What the exercise asks:
Copy, exactly and without additions, every line in the records below from the one holding "YellowFang dokończ imiona" through the one holding "Alle ore 18.00", both ends included.

Data for this task:

= = = =

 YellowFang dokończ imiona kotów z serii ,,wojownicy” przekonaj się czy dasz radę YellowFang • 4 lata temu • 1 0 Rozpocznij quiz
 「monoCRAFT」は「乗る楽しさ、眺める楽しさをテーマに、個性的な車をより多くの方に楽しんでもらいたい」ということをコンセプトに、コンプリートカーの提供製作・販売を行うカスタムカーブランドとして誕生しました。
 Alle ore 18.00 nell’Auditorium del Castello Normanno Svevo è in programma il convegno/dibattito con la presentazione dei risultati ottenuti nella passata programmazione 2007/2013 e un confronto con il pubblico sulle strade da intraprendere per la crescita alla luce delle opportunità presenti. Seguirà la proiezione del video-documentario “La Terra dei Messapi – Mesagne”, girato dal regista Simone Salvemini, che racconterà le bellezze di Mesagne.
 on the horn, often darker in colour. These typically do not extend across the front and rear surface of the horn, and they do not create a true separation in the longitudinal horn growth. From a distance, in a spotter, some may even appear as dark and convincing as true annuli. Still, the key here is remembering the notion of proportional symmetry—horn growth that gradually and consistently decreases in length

= = = =

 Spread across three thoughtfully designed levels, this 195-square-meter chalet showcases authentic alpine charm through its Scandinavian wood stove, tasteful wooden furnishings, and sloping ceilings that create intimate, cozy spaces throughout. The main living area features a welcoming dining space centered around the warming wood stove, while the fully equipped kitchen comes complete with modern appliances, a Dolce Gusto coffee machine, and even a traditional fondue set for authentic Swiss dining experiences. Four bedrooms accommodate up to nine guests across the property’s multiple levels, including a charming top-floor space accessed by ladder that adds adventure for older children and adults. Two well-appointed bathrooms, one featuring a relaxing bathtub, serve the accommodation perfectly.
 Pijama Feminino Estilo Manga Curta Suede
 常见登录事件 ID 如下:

= = = =

Answer space:
 YellowFang dokończ imiona kotów z serii ,,wojownicy” przekonaj się czy dasz radę YellowFang • 4 lata temu • 1 0 Rozpocznij quiz
 「monoCRAFT」は「乗る楽しさ、眺める楽しさをテーマに、個性的な車をより多くの方に楽しんでもらいたい」ということをコンセプトに、コンプリートカーの提供製作・販売を行うカスタムカーブランドとして誕生しました。
 Alle ore 18.00 nell’Auditorium del Castello Normanno Svevo è in programma il convegno/dibattito con la presentazione dei risultati ottenuti nella passata programmazione 2007/2013 e un confronto con il pubblico sulle strade da intraprendere per la crescita alla luce delle opportunità presenti. Seguirà la proiezione del video-documentario “La Terra dei Messapi – Mesagne”, girato dal regista Simone Salvemini, che racconterà le bellezze di Mesagne.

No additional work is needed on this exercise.